Burkina: la défense de Djibrill Bassolé saisit l'ONU pour détention arbitraire

Djibrill Bassolé, lorsqu'il était ministre des Affaires étrangères du Burkina Faso, le 4 octobre 2013, à Ouagadougou.
© AFP PHOTO / AHMED OUOBA AHMED OUOBA / AFP

L'ancien ministre des Affaires étrangères burkinabé, Djibrill Bassolé, est poursuivi pour son implication présumée dans le putsch avorté de septembre 2015. Il est en détention préventive depuis près d'un an dans l'attente d'un procès. Ces avocats dénoncent un fonctionnement anormal de la justice burkinabé dans ce dossier et ont saisi le groupe de travail des Nations unies sur la détention arbitraire.

Ces experts des Nations unies enquêteront sur le contexte de la détention de Djibrill Bassolé.
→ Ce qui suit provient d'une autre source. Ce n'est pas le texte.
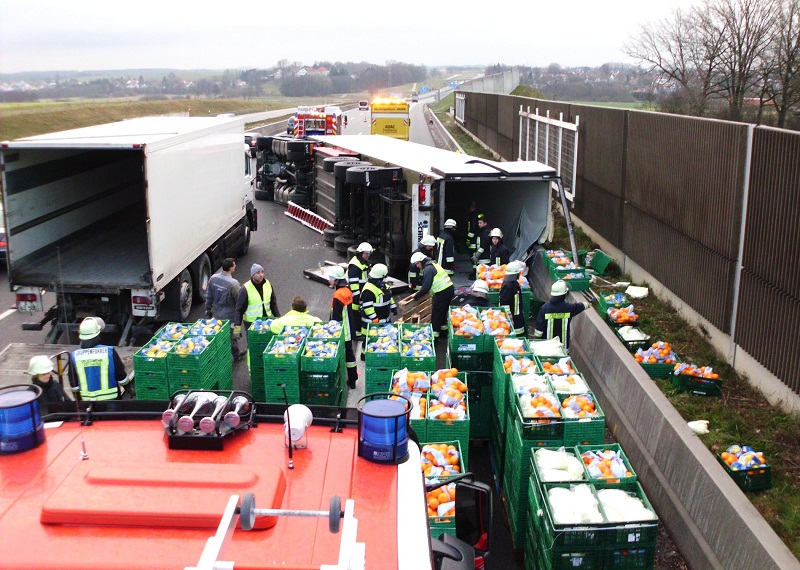In den frühen Morgenstunden des Donnerstag (29.12.2011) wurden Einsatzkräfte von Feuerwehr und Rettungsdienst zu einem LKW-Unfall auf der Autobahn A8 alarmiert. Ein mit 22 Tonnen Südfrüchten beladener LKW hat zwischen den Anschlussstellen Adelzhausen und Odelzhausen die Betonleitplanke touchiert und kippte daraufhin um.Der LKW-Fahrer wurde bei dem Unfall glücklicherweise nicht verletzt, zur Untersuchung wurde er jedoch vorsorglich ins Klinikum Dachau eingeliefert.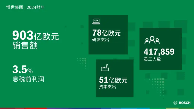 易车讯 德国斯图加特和雷宁根——面对市场环境对业务增长造成的巨大影响,博世集团依然稳步推进其2030战略,持续巩固自身竞争优势。2024财年,全球领先的技术和服务供应商博世集团实现903亿欧元销售额,较上一年下降了1.4%,调整汇率影响后降幅为0.5%。息税前利润为31亿欧元(2023财年为48亿欧元),息税前利润率为3.5%。博世集团董事会主席史蒂凡·哈通博士表示:“2024财年,我们在成本优化、架构调整和产品组合升级方面取得了显著进展。我们坚持2030战略所设定的目标,致力于实现业务持续增长并进一步提升财务独立性。这些具有挑战性的目标为我们在复杂多变的全球局势下明确了发展方向。博世目标在未来五年内成为其核心市场中排名前三的供应商。”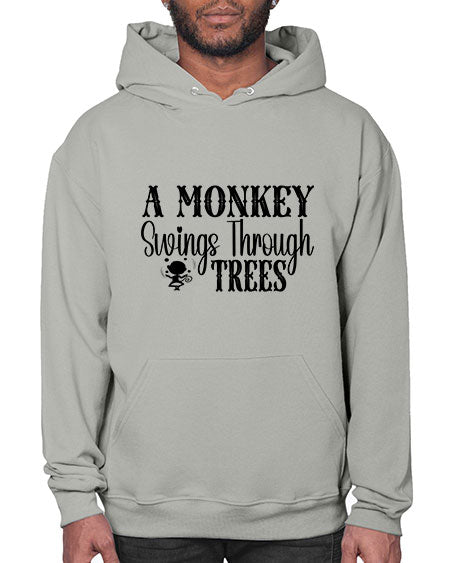 A monkey swings through trees - monkey- Hoodie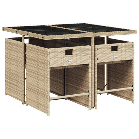 5 Piece Garden Dining Set with Cushions Mix Beige Poly Rattan
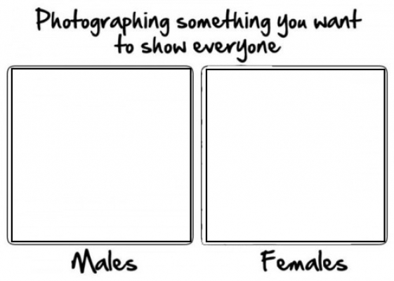 Females image is top comment in rpics thread. We are friends after all. Parodies of the comic have been widely circulated within various meme communities with many substituting the woman with other types of people. Post Comments Atom Blog Archive. Home Funny Facts Photographing Something You want To Show Everyone - Males vs Females. Or if you have a pocket watch that your grandfather used every day pop it open to show the gears that turned the hands. Photographing something You want to show everyone.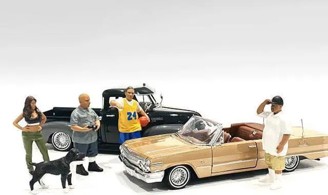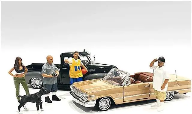 Brand new 1/18 scale of Lowriderz and a Dog 5 piece Figurine Set for 1/18 scale models by American Diorama.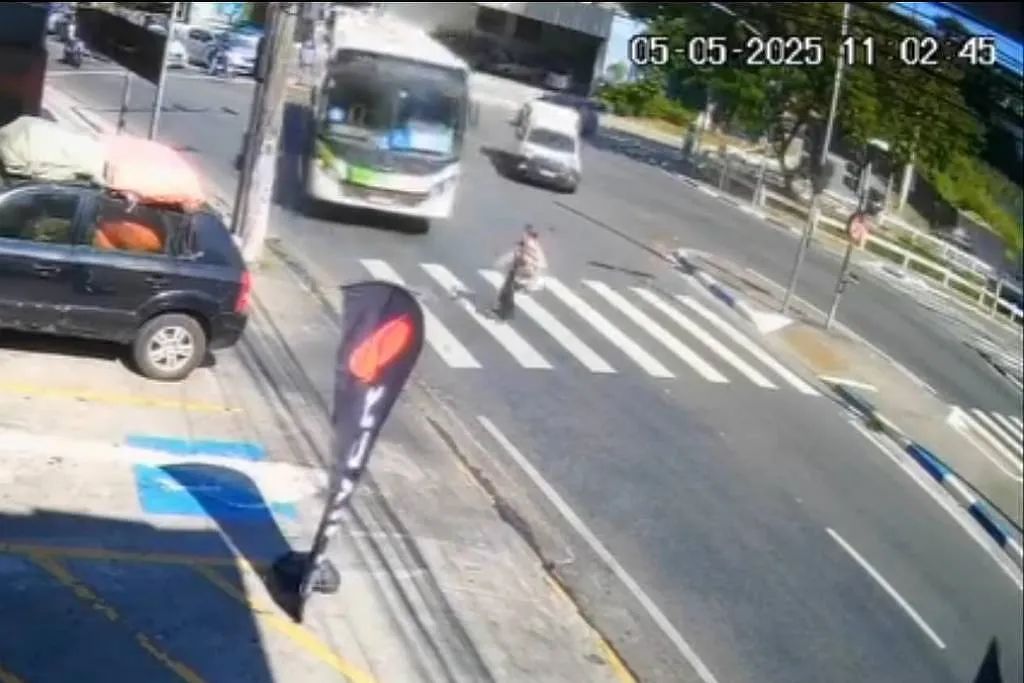 事故发生在约上午11时,地点位于Jardim Zaira区的Avenida Tiradentes与Rua Onze de Agosto交叉口。监控画面显示,当时老人手提购物袋正在过街,眼见公交车驶近,她试图加快脚步,但仍被撞倒。

Fort des précédents que constituent notamment les cas de Karim Wade au Sénégal ou de Michel Thierry Atangana au Cameroun, les avocats de l'ancien ministre burkinabé espèrent obtenir de ce groupe de travail qu'il interpelle le gouvernement sur le caractère arbitraire de la détention préventive de leur client, sous les verrous depuis le 29 septembre 2015.

Car pour l'un des avocats de Djibrill Bassolé, Me Alexandre Varaut, son client est « l'exemple même du prisonnier politique » dont les ennuis ont commencé lorsqu'il s'est présenté à la présidentielle. Dénonçant l'accès impossible à la totalité du dossier, l'absence d'audition du prévenu entre décembre 2015 et début septembre 2016, ou diverses pressions, Me Varaut déplore des « conditions de travail anormales ».

Au cœur du dossier, une écoute téléphonique présentée comme une conversation entre Djibrill Bassolé et Guillaume Soro, président de l'Assemblée nationale ivoirienne au sujet du putsch du 16 septembre 2015. Une écoute « bidon », selon la défense qui a tenté sans succès de la sortir du dossier. Elle s'était même pourvue en cassation après avoir été déboutée en appel sur ce point précis. Mais finalement, ce jeudi, les avocats annoncent retirer leur pourvoi pour accélérer la procédure. « Si ce retrait est effectif, on va en effet gagner du temps », commente Alioune Zanré, le commissaire du gouvernement près le tribunal militaire de Ouagadougou.